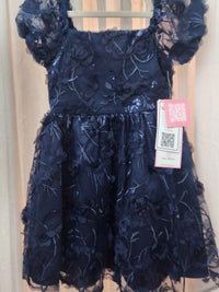 Rare Editions Navy Floral Sequin Party Dress w/Bubble Short Sleeves, S 5&6X, NWT.
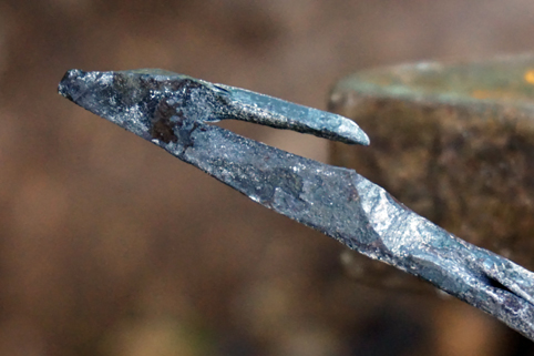 Fabrication expérimentale d'une armature de flèche en fer forgé : dégorgeage. © Photographie DM
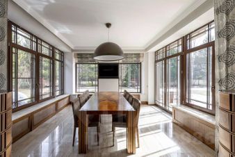 На первом этаже расположена роскошная гостиная с камином и витражными окнами высотой в два этажа. Столовая выходит на крытую террасу, выполненную из натурального дерева. Зимний сад, окружённый панорамными окнами с трёх сторон, выходит на открытую террасу. В кабинете с отделкой из ценных пород дерева расположена рабочая зона, окружённая с двух сторон большими окнами. Гостевая спальня расположена в уединённой части.
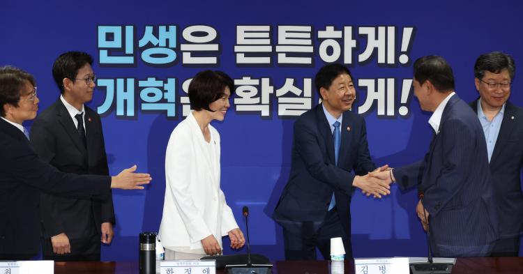 ÇÑÁ¤¾Ö ¹ÎÁÖ´ç Á¤Ã¥À§ÀÇÀåÀº À̳¯ ¼¿ï ¿©Àǵµ ±¹È¸ ÀÇ¿øÈ¸°ü¿¡¼ ¿¸° ¡®»õ Á¤ºÎ °æÁ¦¼ºÀåÀü·« ´çÁ¤ÇùÀÇ¡¯ ÈÄ ±âÀÚµé°ú ¸¸³ª ¡°´çÁ¤Àº ÃÖ±Ù ¿ì¸® °æÁ¦°¡ º¸È£¹«¿ª µî ´ë¿Ü ¿©°ÇÀÌ ³ì·ÏÇÏÁö ¾ÊÀº °¡¿îµ¥ ÀáÀç ¼ºÀå·üÀÌ ºü¸£°Ô Ç϶ôÇÏ´Â ¾öÁßÇÑ »óȲÀ̶ó´Â µ¥ ÀνÄÀ» °°ÀÌ Çß´Ù¡±¸ç À̰°ÀÌ ¹àÇû´Ù.
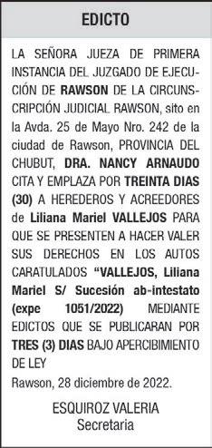 En la comisaría de la Mujer de Gaiman, ubicada en la calle La Pampa 15 del barrio 25 Viviendas de esa localidad, se solicita el urgente comparendo del ciudadano Mario Antenado con último domicilio en la
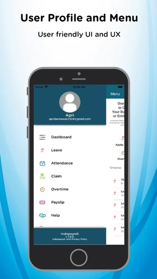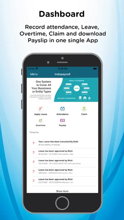 The Indopayroll App provides secure, simple mobile access and integrated to Web App and Payroll processes for employee and manager daily on-the-go self-services.
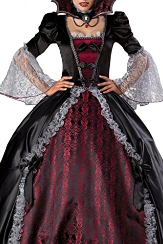 Trying to become the ruler of the Halloween party is hard work. You have to prove that you of royal blood and a direct decedent of the Sun King, and you still must prove diplomatic skills. I say skip all of that and just rule the castle at night in this Splendid Vampire Dress Halloween Costume with neckpiece wholesale popular among customers.Size (CM): One Size: Bust 84-92, Waist 68-80, Shoulder 70-72,Cuff 48-54,Sleeve 59,Length Top 155(cm)
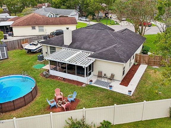 Move-in-ready home on a cul-de-sac with low HOA fees and conveniently located near Oakleaf Town Center. The well-planned floor plan includes split bedrooms, a spacious great room with vaulted ceiling, cozy wood burning fireplace, and flexible formal dining area that could be transformed into a home office or a 4th bedroom. The updated kitchen is centrally located and overlooks the great room so the family chef can create wonderful meals while still being a part of the activity. The kitchen is large enough to accommodate a breakfast table and has an abundance of modern cabinets, stainless appliances and corian countertops. The primary retreat features a custom wood wall, and a beautifully updated ensuite bathroom with a separate garden tub. The outdoor spaces do not disappoint! A screened covered patio with a hot tub leads to a fully fenced back yard with an above ground pool that is less than one year old . You can enjoy the outdoors year-round whether entertaining, grilling out, sitting by the fire pit, soaking in the hot tub, or relaxing in the pool on hot Florida days. The extended and widened driveway offers extra parking and access to the double gate on the side for storing your extras. A work bench in the garage makes it convenient for those handyman projects. Don't miss the outdoor shed for extra storage! Conveniently located near Oakleaf Town Center where you can shop, dine or find entertainment, and minutes from I-295 for an easy commute to anywhere you need to be.
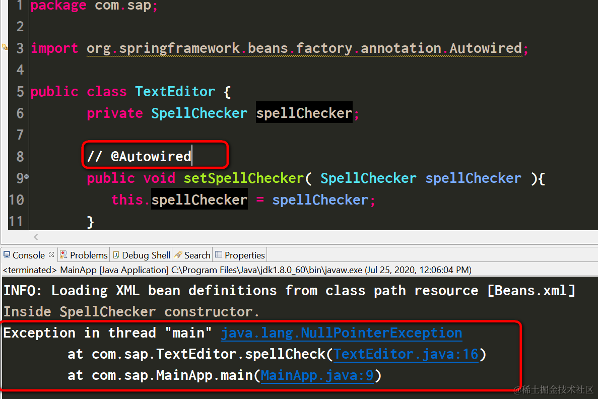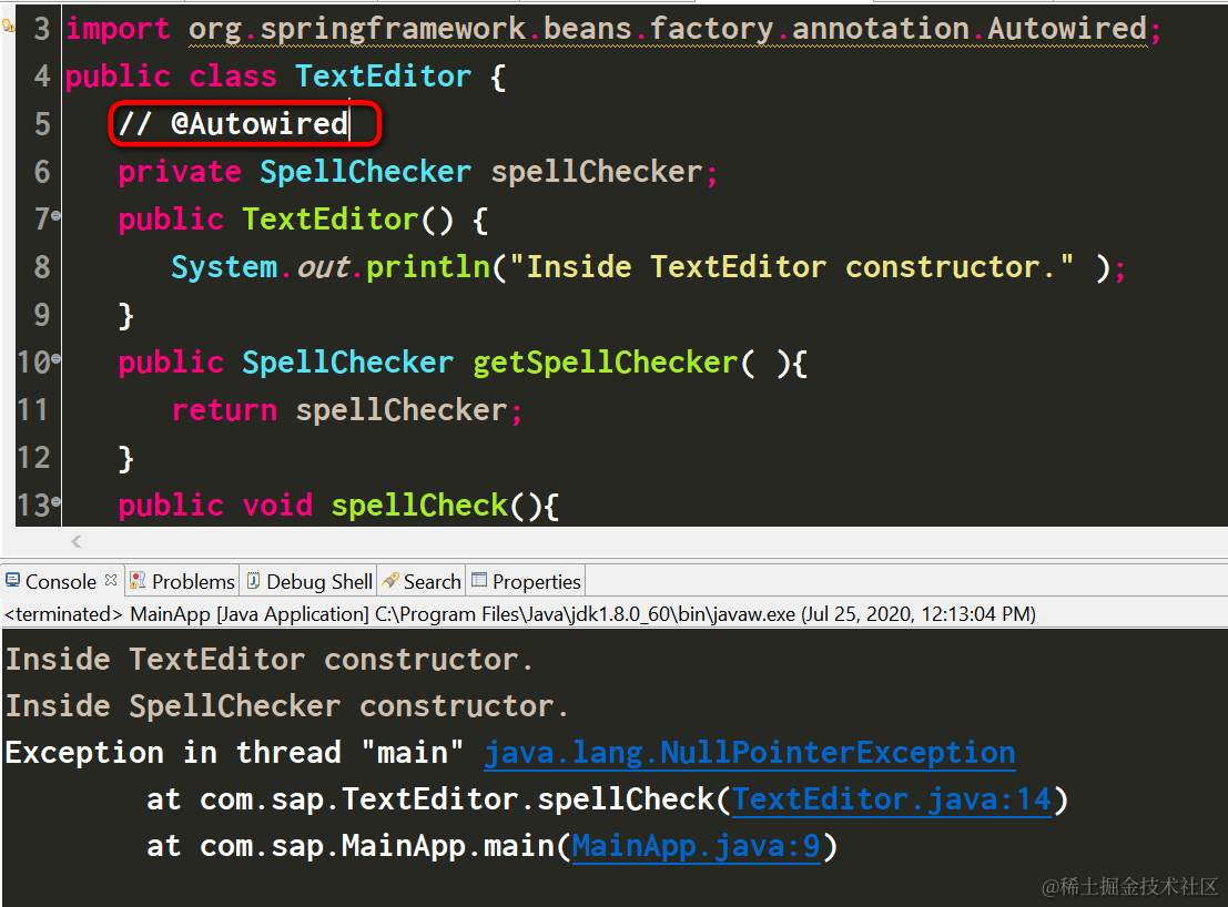 删除了Setter方法的@Autowired注释后,TextEditor的spellChecker注入不会发生,因此应用会发生nullpointer异常。

Work instruction -> Keep the pictures out and repeat exactly the lines from the beginning of the data through the line that contains "Fabrication expérimentale d'une", both ends included.

Your response ->
 Rare Editions Navy Floral Sequin Party Dress w/Bubble Short Sleeves, S 5&6X, NWT.
 Fabrication expérimentale d'une armature de flèche en fer forgé : dégorgeage. © Photographie DM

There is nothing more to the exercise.